[[ DATASET EXTRACT, beginning ]]

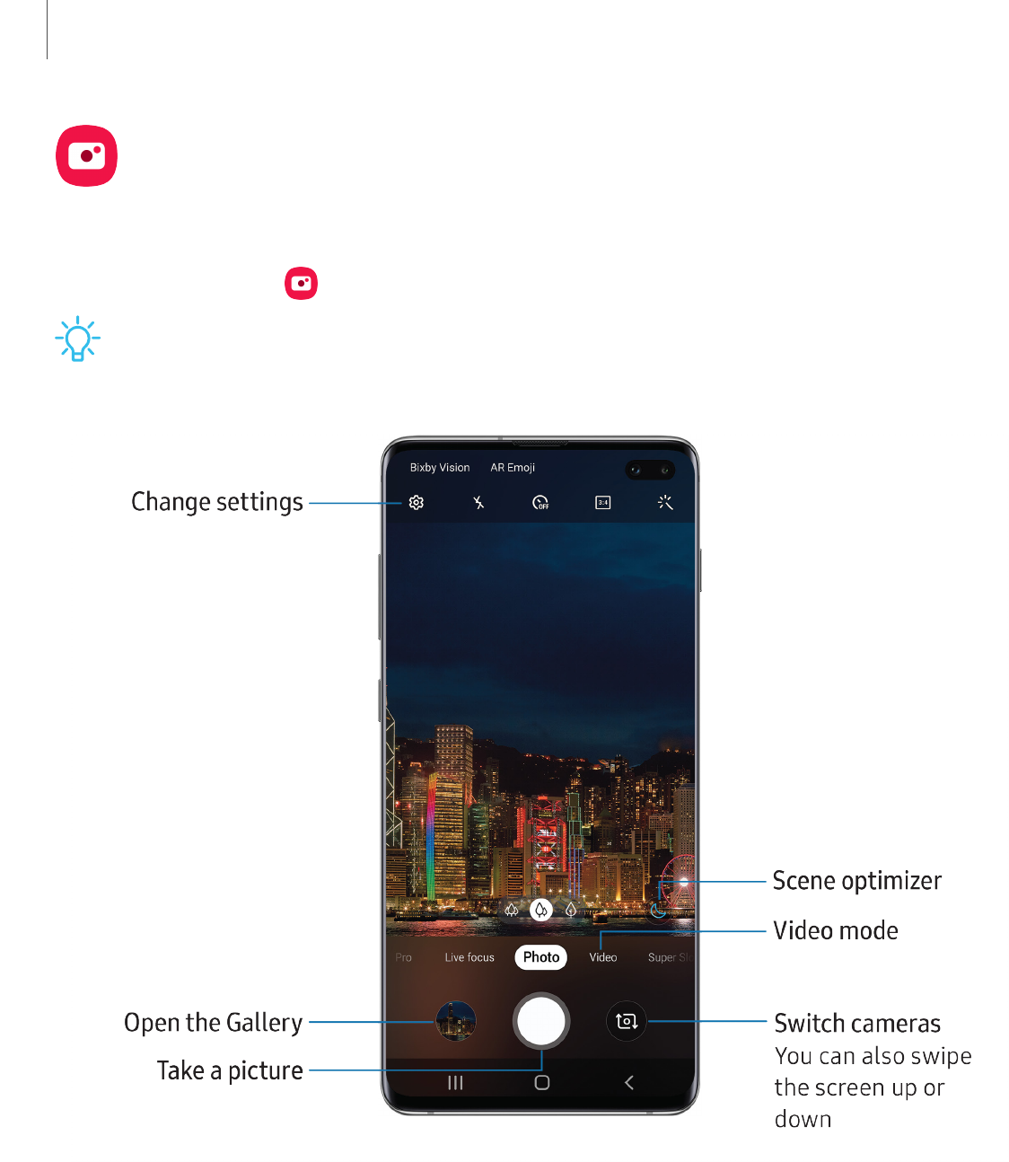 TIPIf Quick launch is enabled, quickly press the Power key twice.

[[ DATASET EXTRACT, end ]]
[[ DATASET EXTRACT, beginning ]]

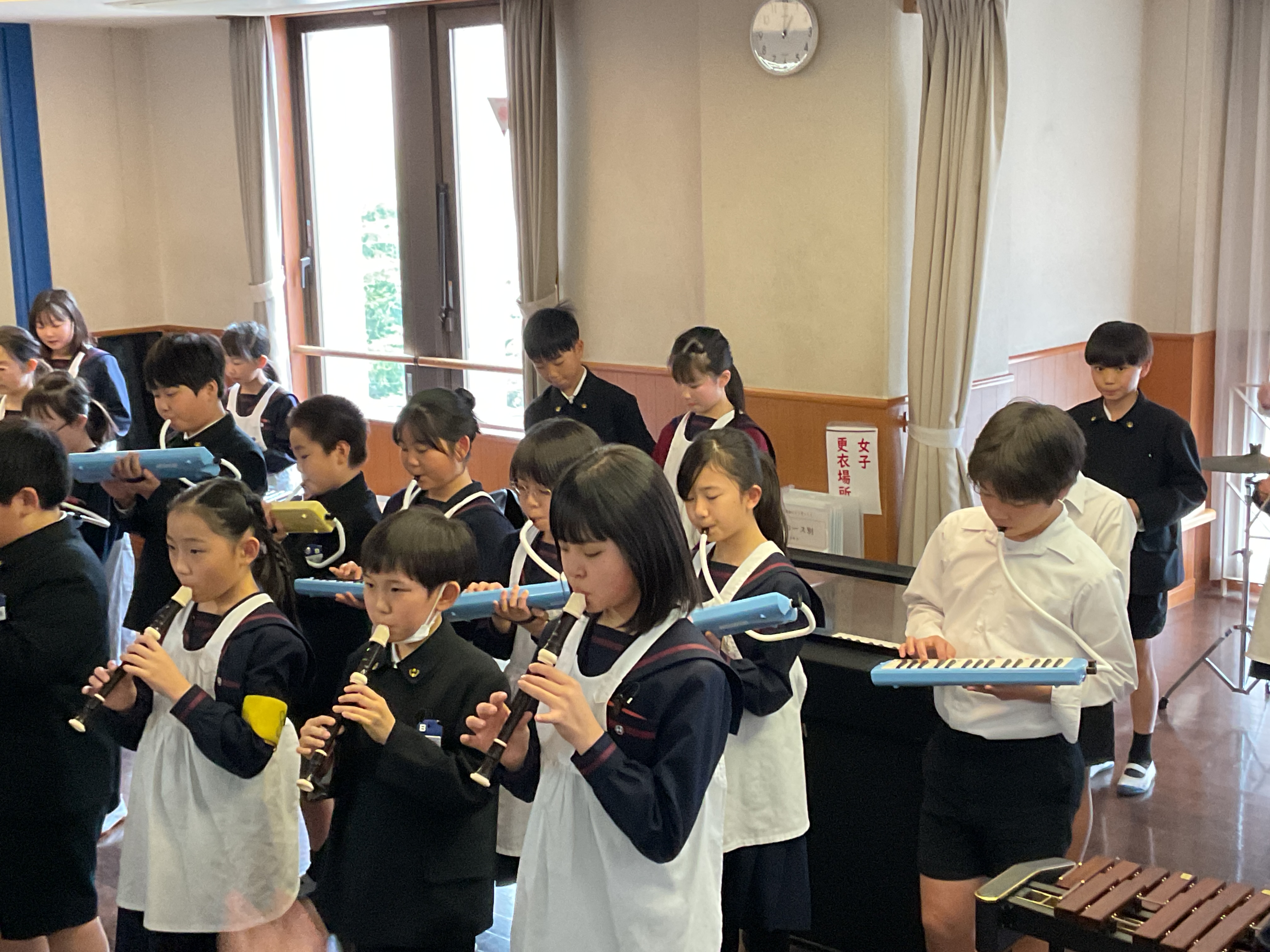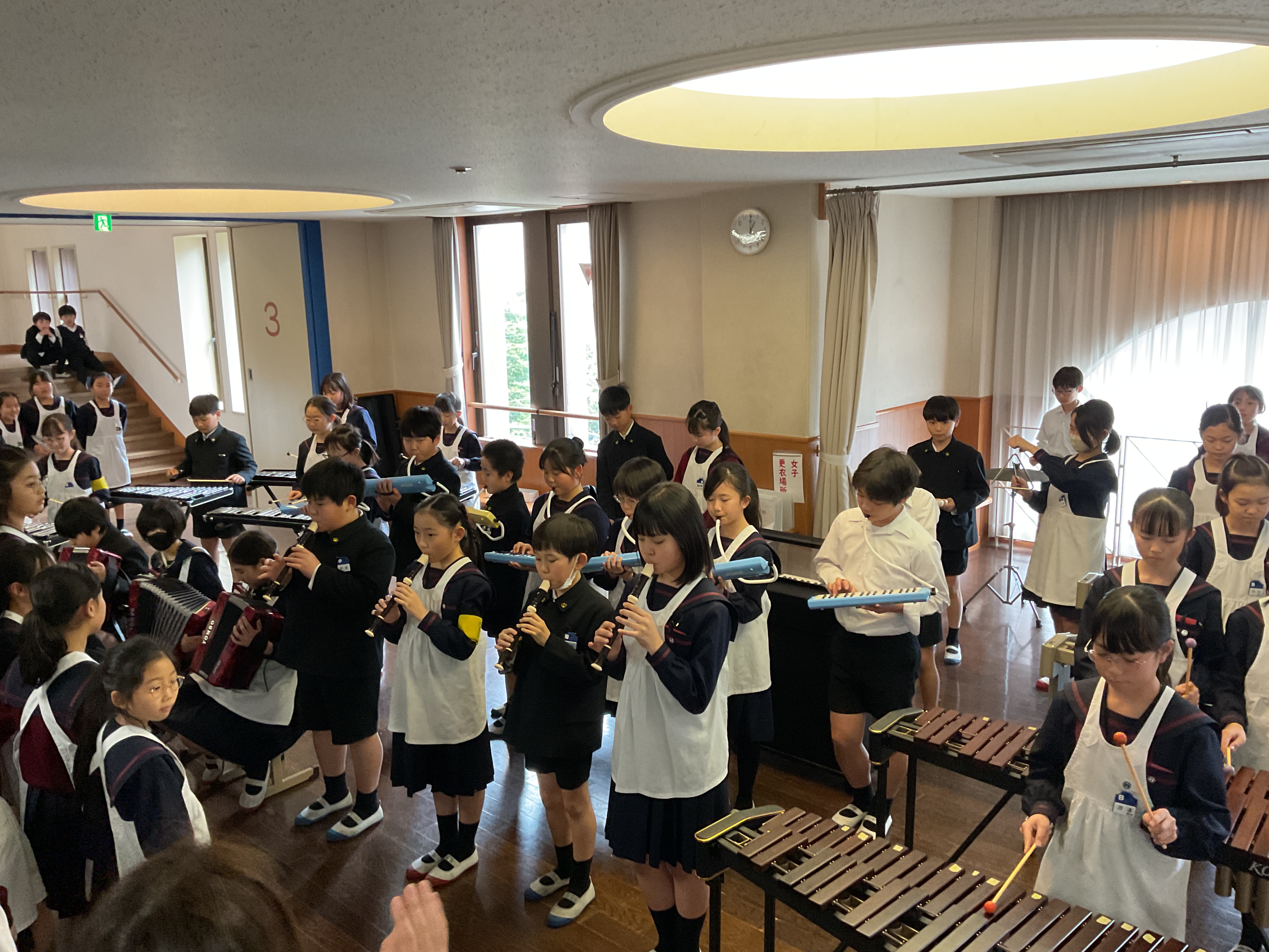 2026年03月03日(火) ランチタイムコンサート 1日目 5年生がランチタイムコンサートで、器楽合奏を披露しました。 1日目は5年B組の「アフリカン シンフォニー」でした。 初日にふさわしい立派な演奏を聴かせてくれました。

[[ DATASET EXTRACT, end ]]
[[ DATASET EXTRACT, beginning ]]

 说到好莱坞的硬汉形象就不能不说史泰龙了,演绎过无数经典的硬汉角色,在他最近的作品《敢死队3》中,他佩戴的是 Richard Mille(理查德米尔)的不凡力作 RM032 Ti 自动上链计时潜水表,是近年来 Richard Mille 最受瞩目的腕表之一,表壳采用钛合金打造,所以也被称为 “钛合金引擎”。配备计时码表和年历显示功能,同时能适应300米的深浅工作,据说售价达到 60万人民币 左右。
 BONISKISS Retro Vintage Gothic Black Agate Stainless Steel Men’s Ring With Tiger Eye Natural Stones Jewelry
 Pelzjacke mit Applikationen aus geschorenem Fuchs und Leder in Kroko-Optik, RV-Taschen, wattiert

[[ DATASET EXTRACT, end ]]

WHAT TO WORK ON — Write down exactly the span of lines above from the one containing "BONISKISS Retro Vintage" to the one containing "Pelzjacke mit Applikationen", both ends included.

THE COMPLETED TASK —
 BONISKISS Retro Vintage Gothic Black Agate Stainless Steel Men’s Ring With Tiger Eye Natural Stones Jewelry
 Pelzjacke mit Applikationen aus geschorenem Fuchs und Leder in Kroko-Optik, RV-Taschen, wattiert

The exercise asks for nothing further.